BELGRADE — President Tomislav Nikolić said on Christmas Day that he had wished to spend the holiday “where it is most difficult – in Kosovo”.
However, he noted, the European Union “did not pass that test”.
“The EU must think hard when they are convincing Serbia that they are status-neutral and wish to help us all live better, whether they today showed their real face,” the president said, after attending Orthodox Christmas liturgy in Belgrade’s Cathedral Church of St. Michael the Archangel.
The president added that “this position of the union will be the basis for negotiations”.
“This is in fact ‘to be or not to be’ – whether the president can go to the territory of Kosovo and Metohija, and then, what it is that we are negotiating about in the first place. I did not ask to go on a political, but on a religious mission, but there are no people there who believe in God,” Nikolić told reporters on Monday.

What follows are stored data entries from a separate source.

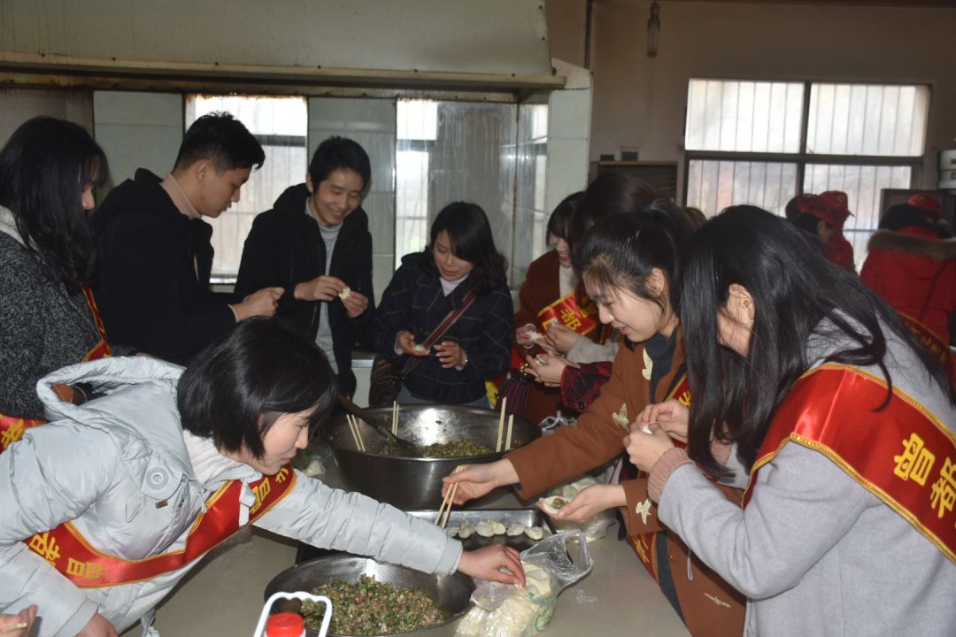 志愿者们来到老人的房间,陪老人下棋、拉家常、分享养生小常识等,同时帮助老人整理内务,并为老人包饺子,老人为志愿者服务竖起大拇指。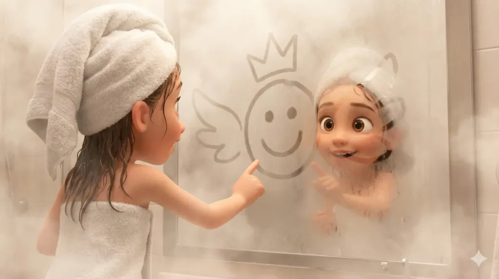 O vapor quente do chuveiro transformou o banheiro em uma nuvem branca e cheirosa. Lavínia saiu do banho enrolada na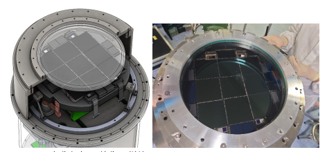 相机研制团队在WFST望远镜副总设计师、中国科学技术大学物理学院核探测与核电子学国家重点实验室王坚教授领导下,进行了主焦相机关键技术的攻关,包括探测器真空低温封装,大靶面探测器高精度测量和拼接,探测器低噪声低功耗读出和驱动,高效相机控制等。对于大靶面探测器高精度测量,研制团队攻克了低温工况下高精度平面度非接触测量的难点,基于激光三角测量法提出了适合于传感器低温封装工况下的差分三角测量方法(Differential Triangulation Measurement),在真空封装下的测量误差不超过0.5%,重复测量精度能达到±2μm。并在此基础上完成DTS测量仪的研制(如图2所示),并最终完成WFST主焦相机低温工况下的测量,如图3所示。目前WFST主焦相机已经完成研制,运往冷湖和望远镜本体进行安装和联调联测。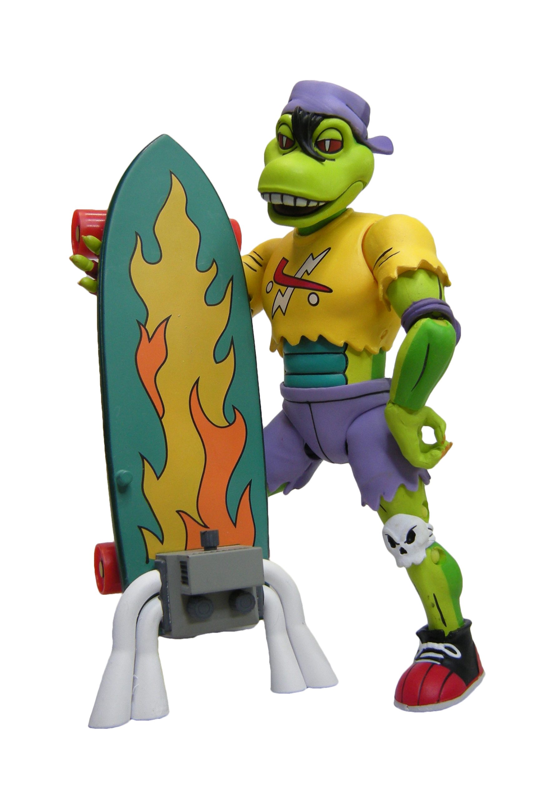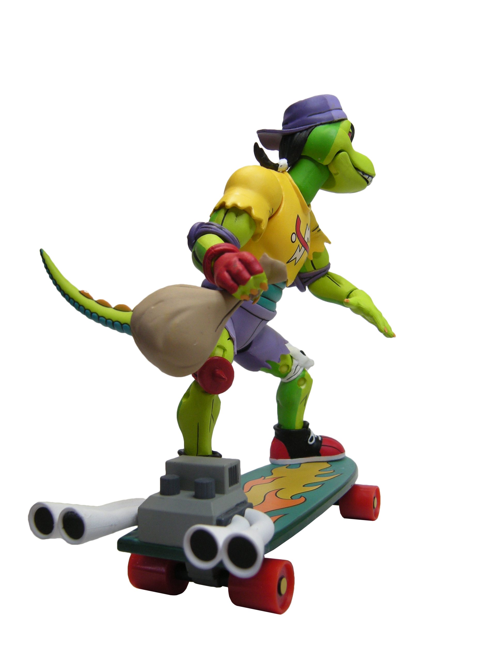 Nous retrouvons tous les éléments qui le caractérisent comme ces dents à l’avant qui dépassent de sa bouche, la mèche de cheveux entre les yeux, cette longue queue, ou encore les différentes protections aux genoux et aux coudes pour faire du skateboard.
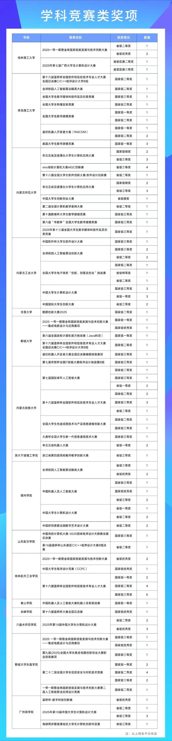 以赛促学、以赛促练。青软集团与合作高校联合组织学生参与各类国家级、省级信息技术类竞赛,覆盖人工智能、机器人、计算机设计、数学建模等多个领域,斩获百余项国家级、省级奖项,检验育人成效,形成「以赛育人、以赛促教」的良性循环。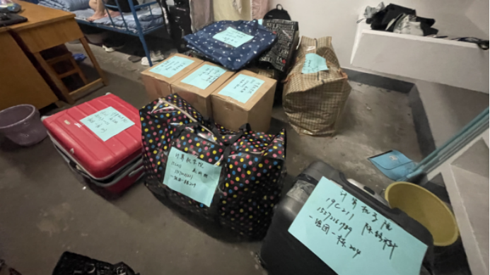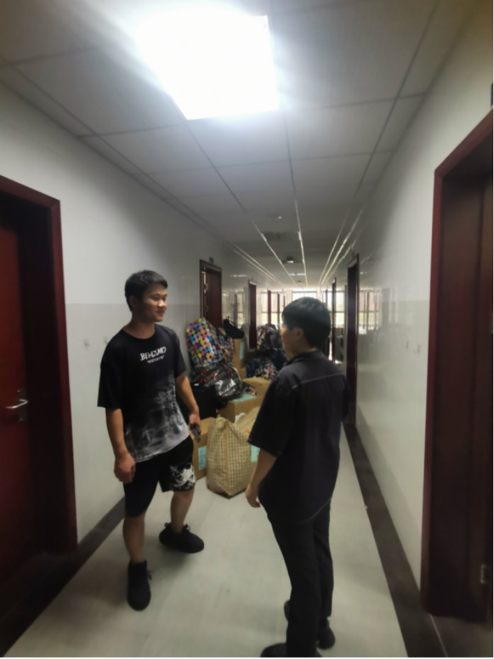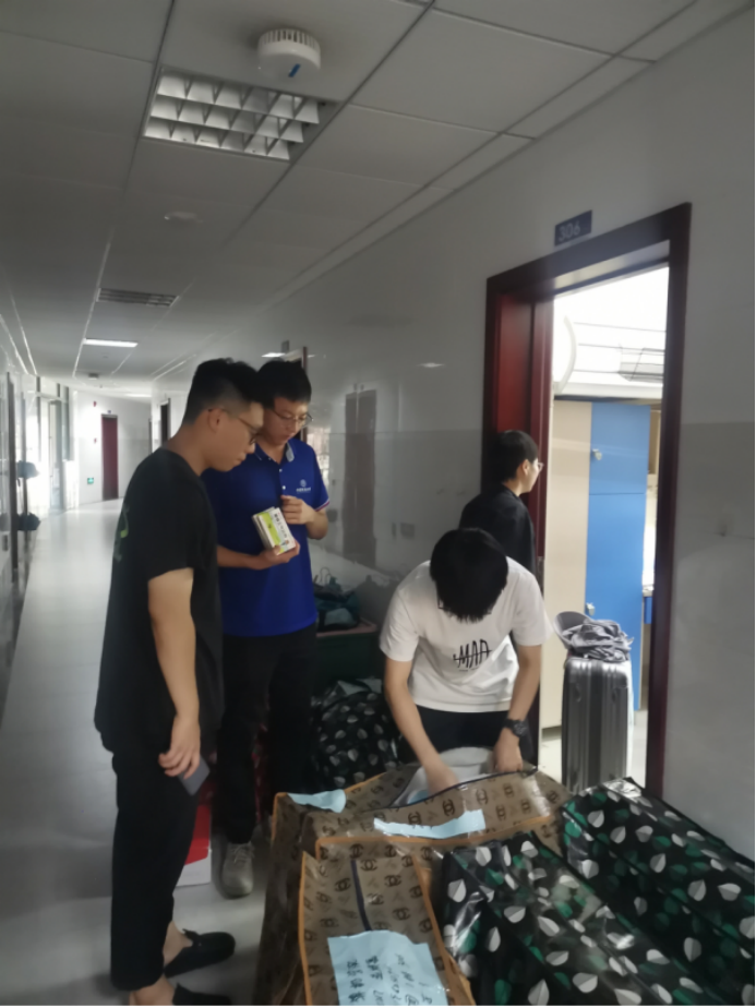 搬迁前一晚,同学们使用免费看a片 派发的物资,认真打包好行李,在各自的行李上贴好标签,以免丢失。免费看a片 还提前准备了消暑药品、晕车药、饮用水供学生自取。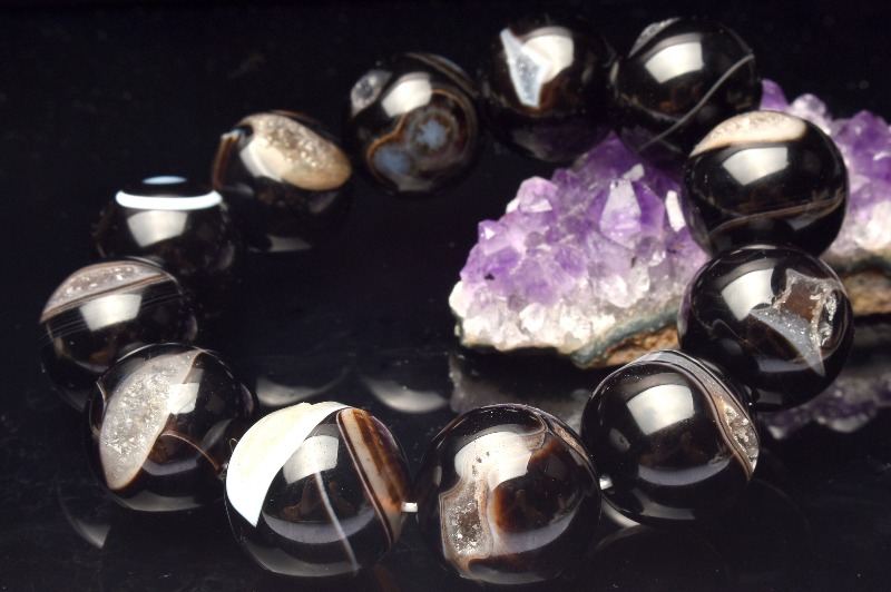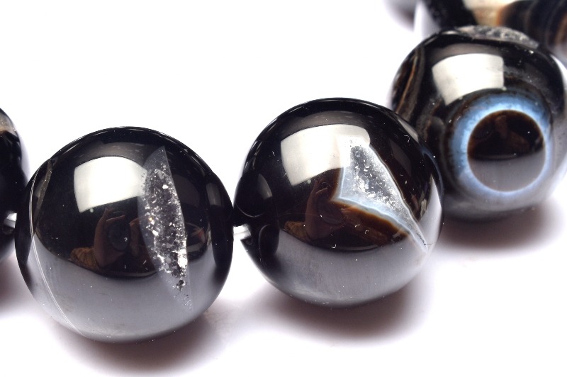 【1点物】大珠◇笑口ジオード ブラックサードオニキス 20mm ブレスレット _MA1054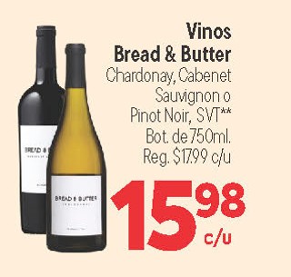 Vinos bread & butter chardonay, cabenet sauvignon o pinot noir, SVT* bot. de 750 ml.
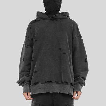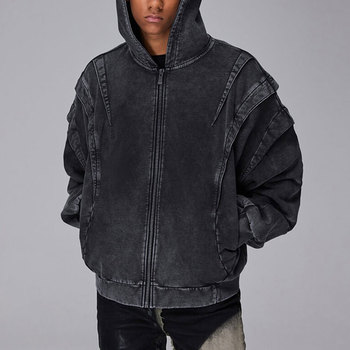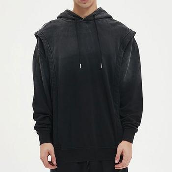 חומצה לשטוף קפוצ 'ון באיכות גבוהה 100% ריק כותנה בתוספת גודל סגנון רחוב בסגנון יתר גדול יותר בשכבה כפולה שרוול וינטג' קפוצ 'ון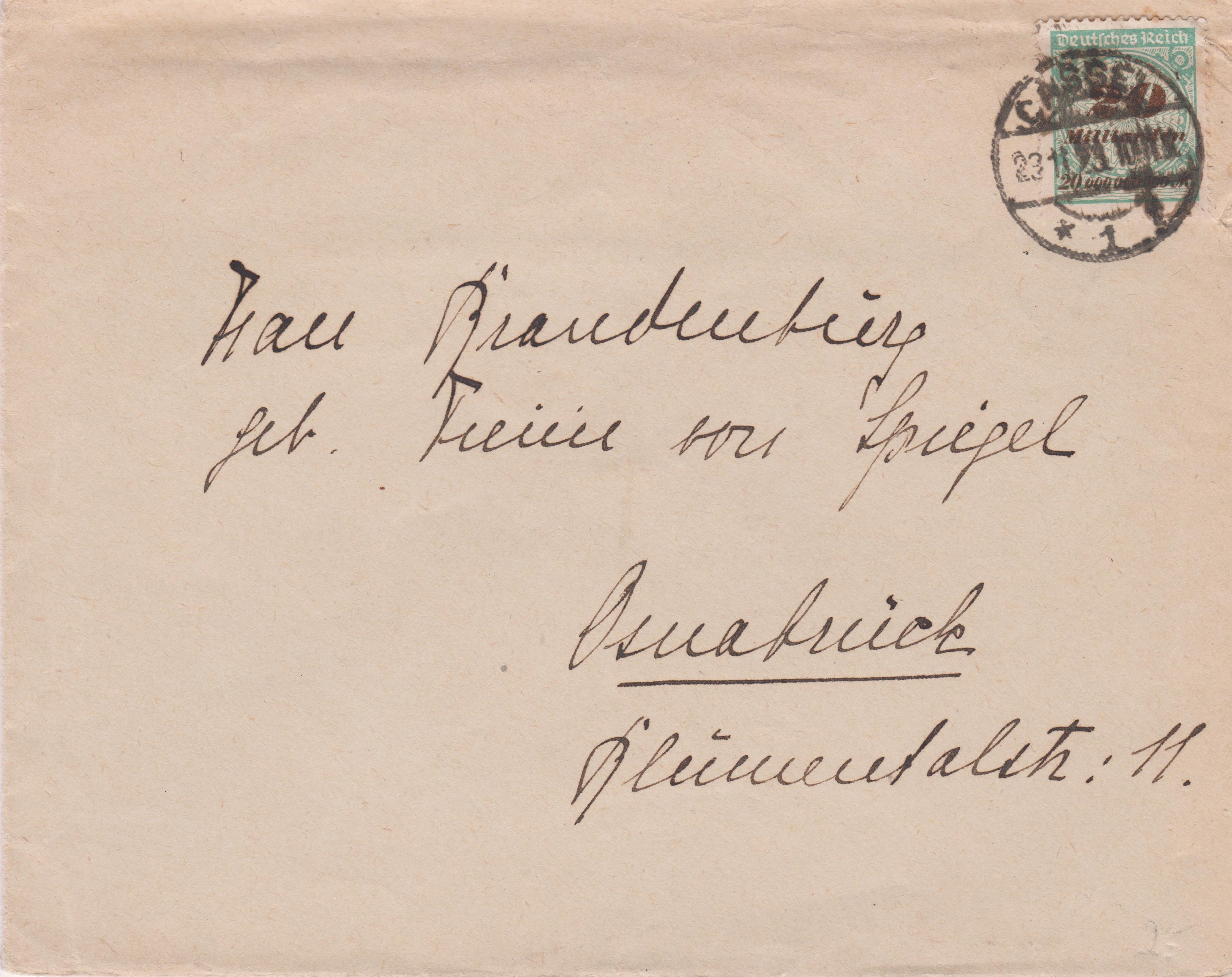 Fernbrief nach Osnabrück, frankiert mit 20 Milliarden Mark per Einzelfrankatur aufgegeben am 23.11.1923 in CASSEL:

Asked whether he would again ask for permission to travel to Kosovo, he said that he would not ask permission “that he knows nobody will give him”.
The president stressed that he did not expect the ethnic Albanian authorities in Priština to allow him to spend the most joyous Christian holiday with a part of his nation, but that it was the EU that had “failed the test”.
According to him, Serbia cannot get more than was specified in the platform on Kosovo and Metohija, but must not accept anything less either, and announced that the government should state its view of the platform on Tuesday while the Serbian parliament should discuss the resolution on Friday.
“This is what we agreed and I believe that this has to happen,” Nikolić stated, and expressed the expectation that MPs would meet on Friday, and that he would be invited to the session “so that Serbia could finally show to the rest of the world what it wants to do and what it can achieve”
Nikolić called on all relevant sides to approach the platform without scepticism, mistrust or auto censure and added that the document is the best Serbia can achieve at the moment.
“We cannot go above this, obviously, but we must not accept anything less if we want to save Serbia’s honour and dignity and if our citizens who came to the liturgy in the Cathedral Church on Monday did so out of genuine faith,” the president said.
He added that the citizens of Serbia had gone through many difficulties and temptations before now, and that they are used to hardship and sacrifice:
“They (Serbians) need not be reminded how much stronger they can emerge from that. We have always emerged stronger, and I expect that the same will happen this year, because I think that our tires have caught mud all the way down, and it’s time to start pulling out, with everyone’s cooperation.”
Nikolić stressed that the government, above all, was being put to test to show how much those tasked with caring about the people are doing so, rather than worrying solely about themselves and their privileges.
“Better living can be secured in Serbia. I truly wish for this year, where many temptations await – with friends, and those who are less so – to be the turning point. And whichever way it goes, it will never again be as bad as it was. Peace from God, Christ is born,” the president concluded.